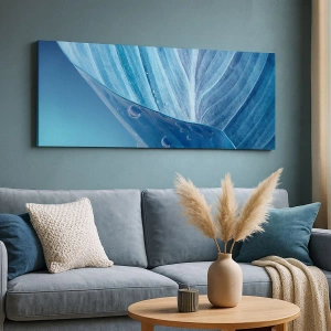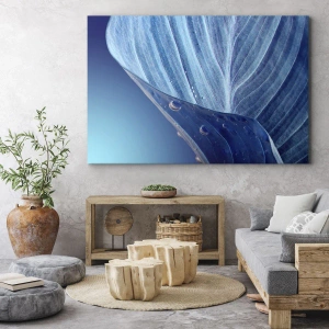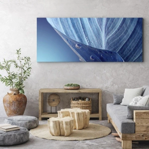 Obraz na płótnie - Błękitny liść z widocznymi kroplami wody - 70x100cm - Ukryte krople błękitu - Nowoczesna dekoracja ścienna do salonu i sypialni ARTTOR
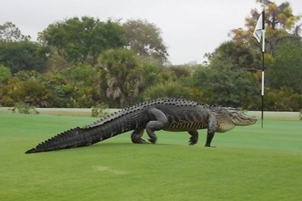 Un imponente cocodrilo de 4 m. de largo y dientes como sierras invade un campo de golf en Florida 12 de marzo de 2015
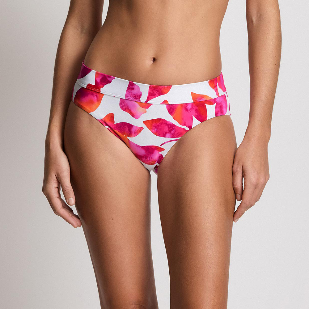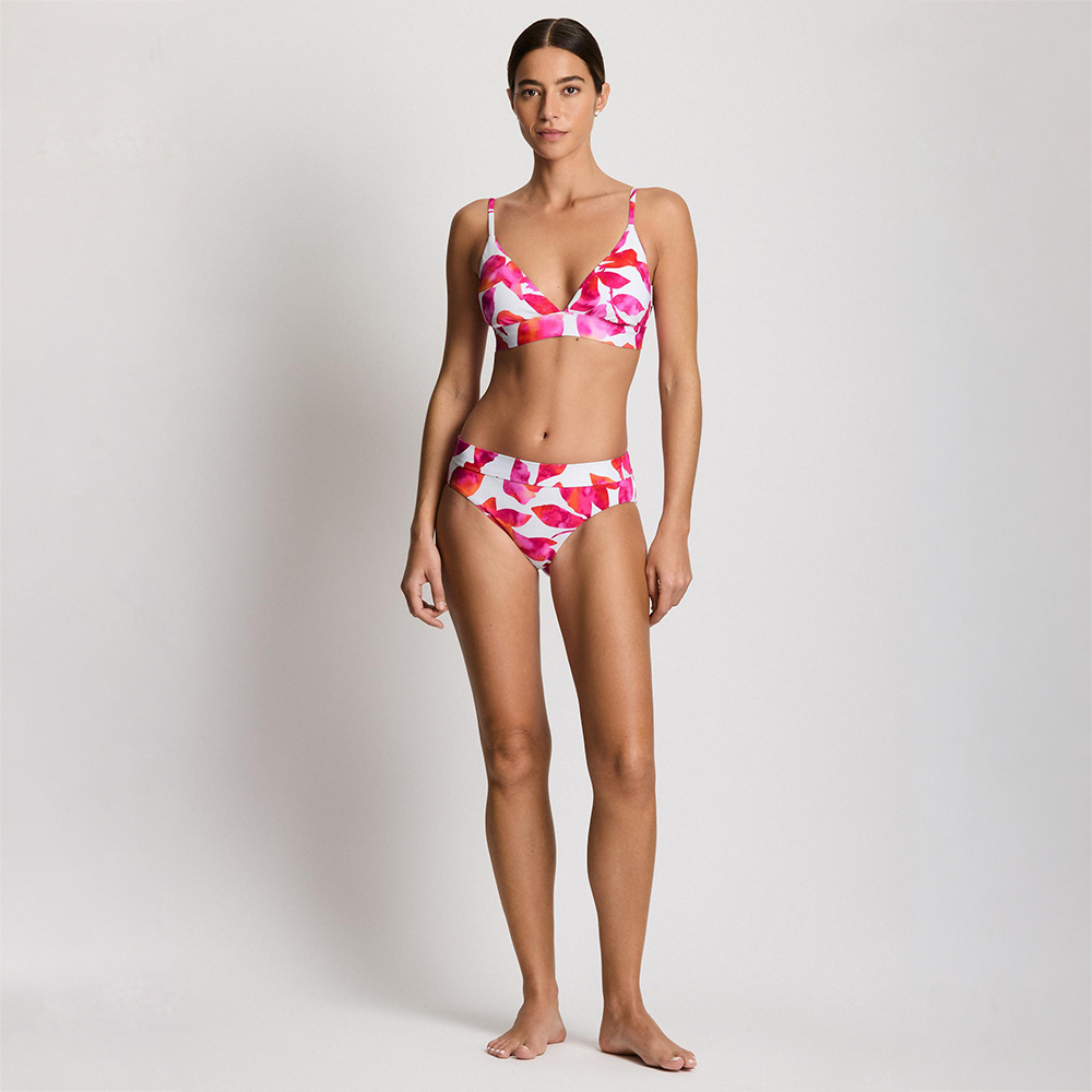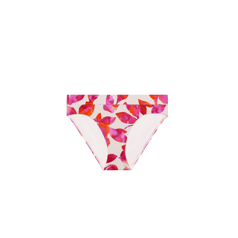 Designed with a perfect balance of modern style and timeless sophistication, these bikini bottoms feature a painterly floral motif in a striking palette of fuchsia, coral, and soft pink.
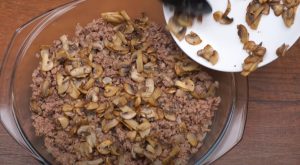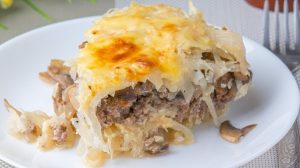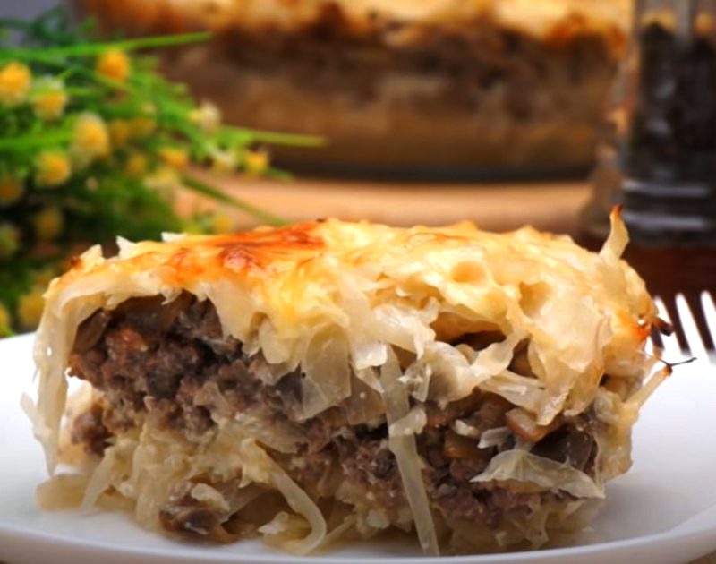 - Ձևամանի մեջ կարագ քսել, շերտ–շերտ լցնել տապակած կաղամբի կեսը, միսը, սունկը, այնուհետև կաղամբի մյուս մասը: Վրան լցնել թթվասերով զանգվածը:

> [Problem to work on] Copy exactly the lines from the line that holds "Un imponente cocodrilo" to the end of the listing, both included. Leave the pictures out.

> [Answer for this exercise]
 Un imponente cocodrilo de 4 m. de largo y dientes como sierras invade un campo de golf en Florida 12 de marzo de 2015
 Designed with a perfect balance of modern style and timeless sophistication, these bikini bottoms feature a painterly floral motif in a striking palette of fuchsia, coral, and soft pink.
 - Ձևամանի մեջ կարագ քսել, շերտ–շերտ լցնել տապակած կաղամբի կեսը, միսը, սունկը, այնուհետև կաղամբի մյուս մասը: Վրան լցնել թթվասերով զանգվածը:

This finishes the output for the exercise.